Ce qui me rend, heureuse.

J’ai regardé un documentaire qui s’appelle « Happy » sur netflix. Oui je sais, c’est un peu cheesy. Mais au delà de faire du bien au moral, c’est surtout un rappel à l’ordre que pour être heureux, il faut un, le vouloir et deux, bien s’y prendre.

Ça parait simple mais au fond, ce n’est pas si évident que ça. Beaucoup de personnes pensent que le bonheur réside en une chose: la réussite sociale (suivie donc d’une supposée reconnaissance). Personnellement, je n’ai jamais eu ce besoin, très certainement car mes parents ne m’ont jamais mis de pression quant aux études que je voulais suivre. La seule chose qui comptait pour eux, c’est que je sois heureuse, peu importe le métier et le salaire. Bref, on n’est pas du tout carriériste dans la famille, ce qui fait de nous, pour une grande partie de la population, des loosers, Ok. D’accord. Ça tombe bien, on a jamais rien eu envie de prouver aux autres. 

Alors oui, évidemment que quand j’habitais à Toronto, dans mon joli appartement et quartier hipster, avec une paie que même pas en rêve je toucherais ici, j’étais HAPPY. Mais je crois que ce qui est important, c’est que j’étais consciente de ma chance. Et j’en ai profité. J’ai vécu le moment présent, j’ai fait un tas de voyages et surtout, j’ai rencontré une foultitude de gens sympas, intéressants, différents, et ce sont bien là, mes meilleurs moments, ceux que j’ai partagés avec des êtres dont j’aurais très certainement ignoré l’existence si je n’étais pas partie. 

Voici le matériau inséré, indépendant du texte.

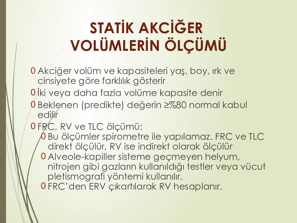 Akciğer volüm ve kapasiteleri yaş, boy, ırk ve cinsiyete göre farklılık gösterir İki veya daha fazla volüme kapasite denir Beklenen (predikte) değerin ≥%80 normal kabul edilir FRC, RV ve TLC ölçümü: Bu ölçümler spirometre ile yapılamaz. FRC ve TLC direkt ölçülür, RV ise indirekt olarak ölçülür Alveole-kapiller sisteme geçmeyen helyum, nitrojen gibi gazların kullanıldığı testler veya vücut pletismografi yöntemi kullanılır. FRC’den ERV çıkartılarak RV hesaplanır. STATİK AKCİĞER VOLÜMLERİN ÖLÇÜMÜ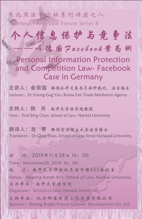 东北亚法学论坛系列讲座之八:个人信息保护与竞争法(11月28日16:00学院455)
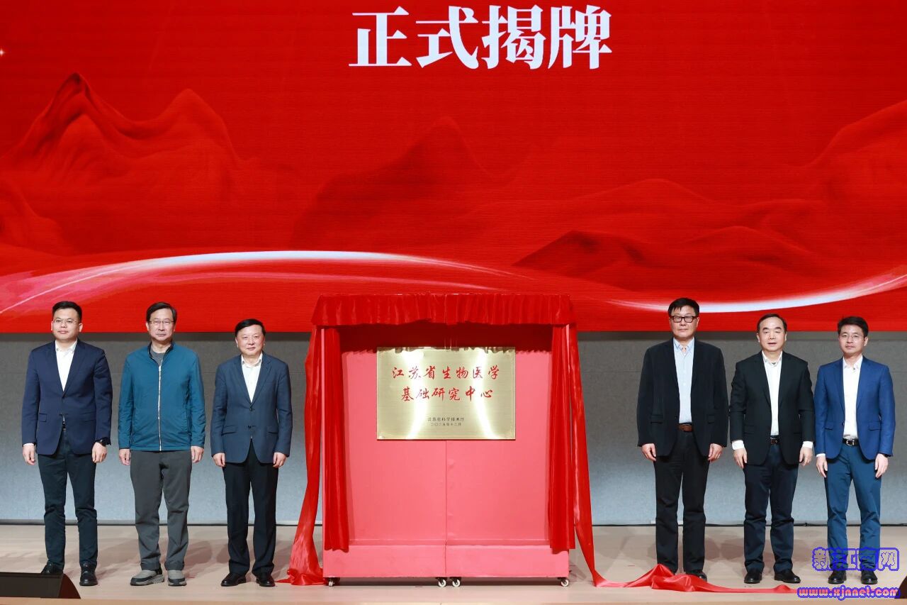 徐光辉、饶毅、王志新、张晓宏、徐积明、张桥共同为“江苏省生物医学基础研究中心”揭牌。

Depuis que je suis en France, je n’ai plus les mêmes moyens. Oublie le week end de trois jours à LA, par exemple. Mais ça va, je le vis bien, je me suis adaptée à mon niveau de vie ici. Et j’essaie vraiment de prendre du recul par rapport à l’argent, trop souvent une source d’angoisse, même si je m’en sors sans trop de casse. A contrario, cela ne m’empêche pas d’être généreuse, peu importe mes revenues. Je déteste la radinerie, et je pense réellement que les gens radins le sont tant au niveau financier que sentimental. C’est lié, forcément. 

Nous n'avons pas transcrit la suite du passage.